Work to complete =>
Write out the entire listing below exactly as it appears, minus any pictures.

Data provided =>
....................

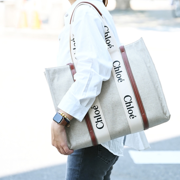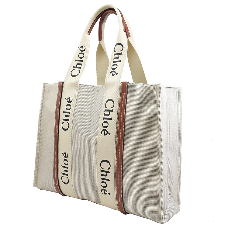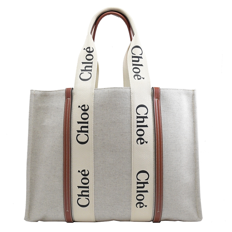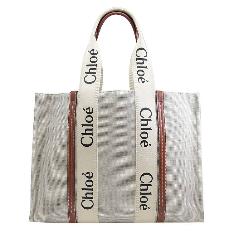CHLOE Woody系列,此款為CHLOE熱銷Woody系列肩背托特包,質感帆布與精典品牌logo織帶設計,內可放A4文件、雨傘、長夾等隨身物品,不用大包小包,一包搞定,外出出遊皆合適,顯出休閒愜意的時尚風格,搶眼又好搭。
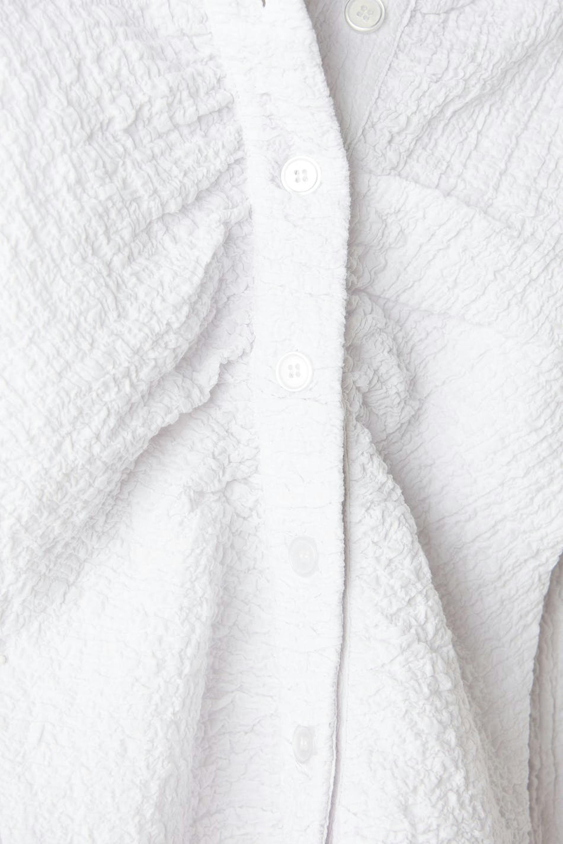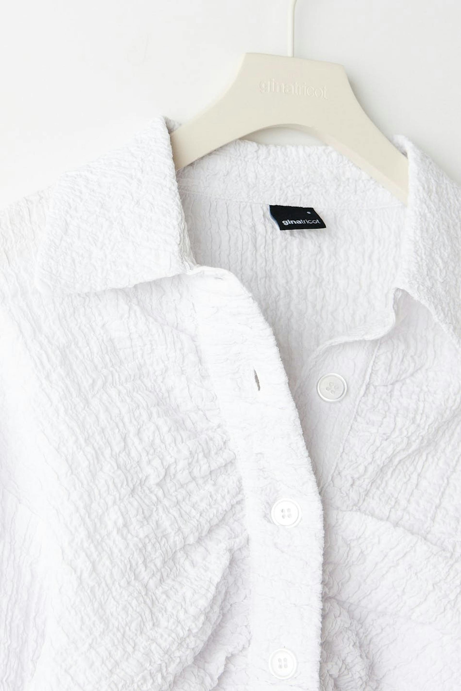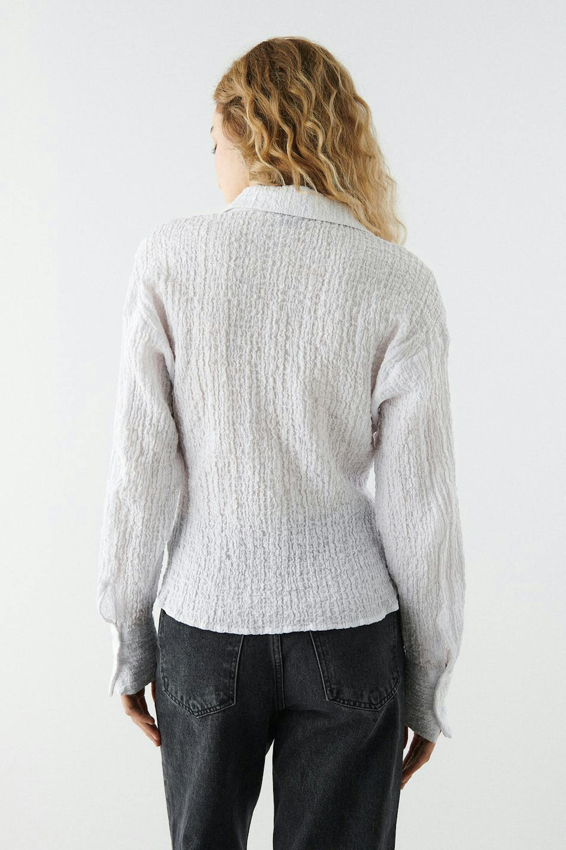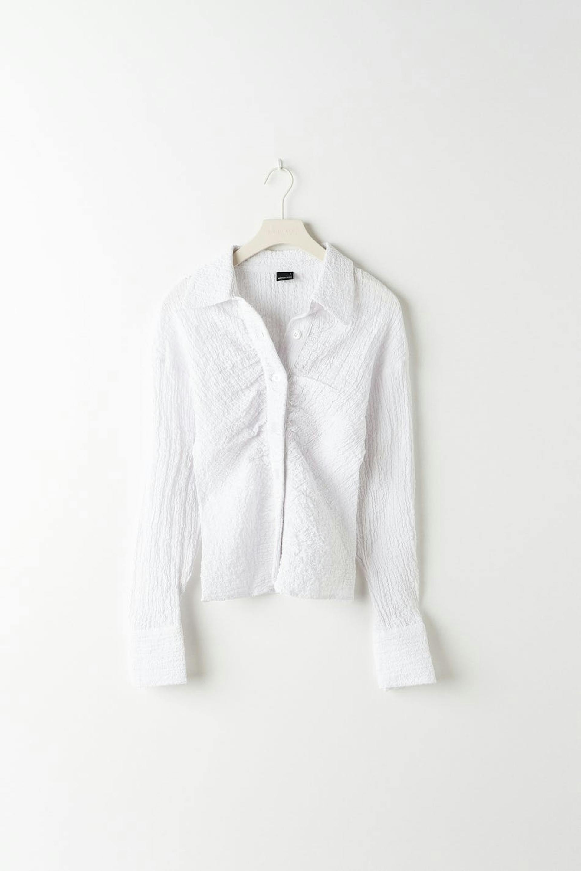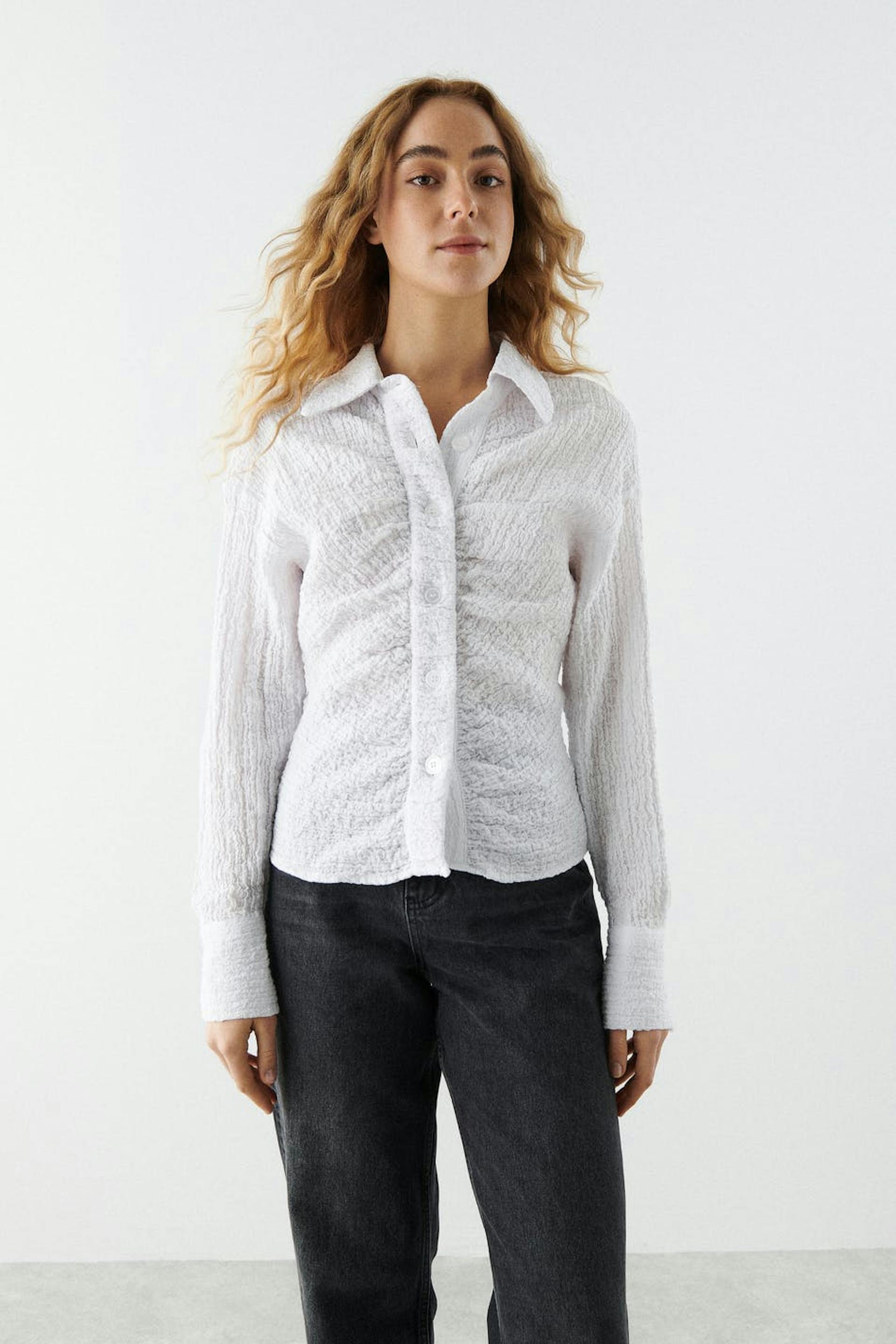 Shirt with fitted fit. The shirt is white and has button closure in front with gathered effect. It has a crêped seersucker quality, large collar and high cuffs with buttons.
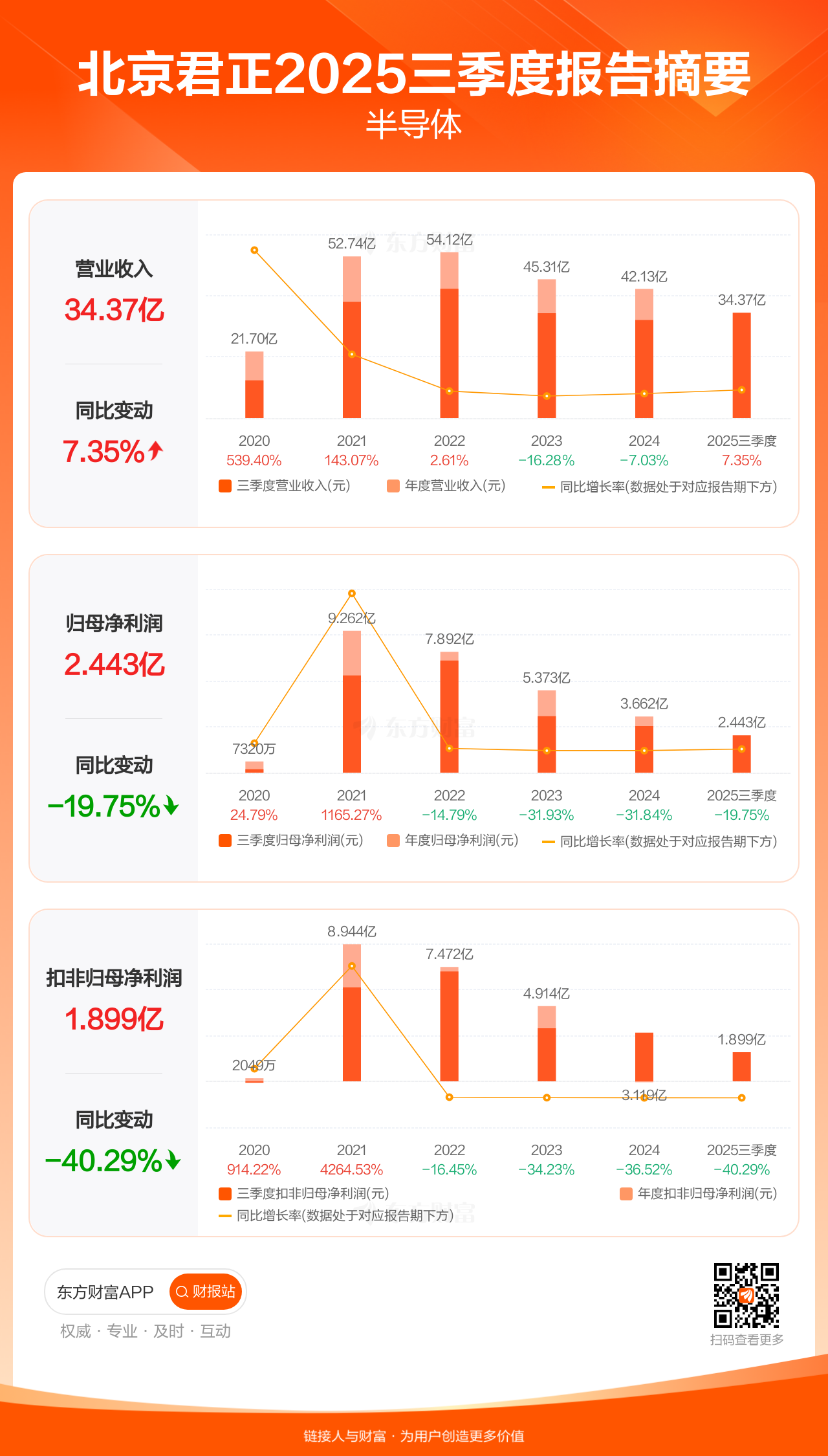 北京君正10月28日发布2025年三季报显示,公司前三季实现营业收入34.37亿元,同比增长7.35%;归母净利润2.44亿元,同比下滑19.75%;扣非归母净利润1.90亿元,同比下滑40.29%。

....................

Solved exercise =>
CHLOE Woody系列,此款為CHLOE熱銷Woody系列肩背托特包,質感帆布與精典品牌logo織帶設計,內可放A4文件、雨傘、長夾等隨身物品,不用大包小包,一包搞定,外出出遊皆合適,顯出休閒愜意的時尚風格,搶眼又好搭。
 Shirt with fitted fit. The shirt is white and has button closure in front with gathered effect. It has a crêped seersucker quality, large collar and high cuffs with buttons.
 北京君正10月28日发布2025年三季报显示,公司前三季实现营业收入34.37亿元,同比增长7.35%;归母净利润2.44亿元,同比下滑19.75%;扣非归母净利润1.90亿元,同比下滑40.29%。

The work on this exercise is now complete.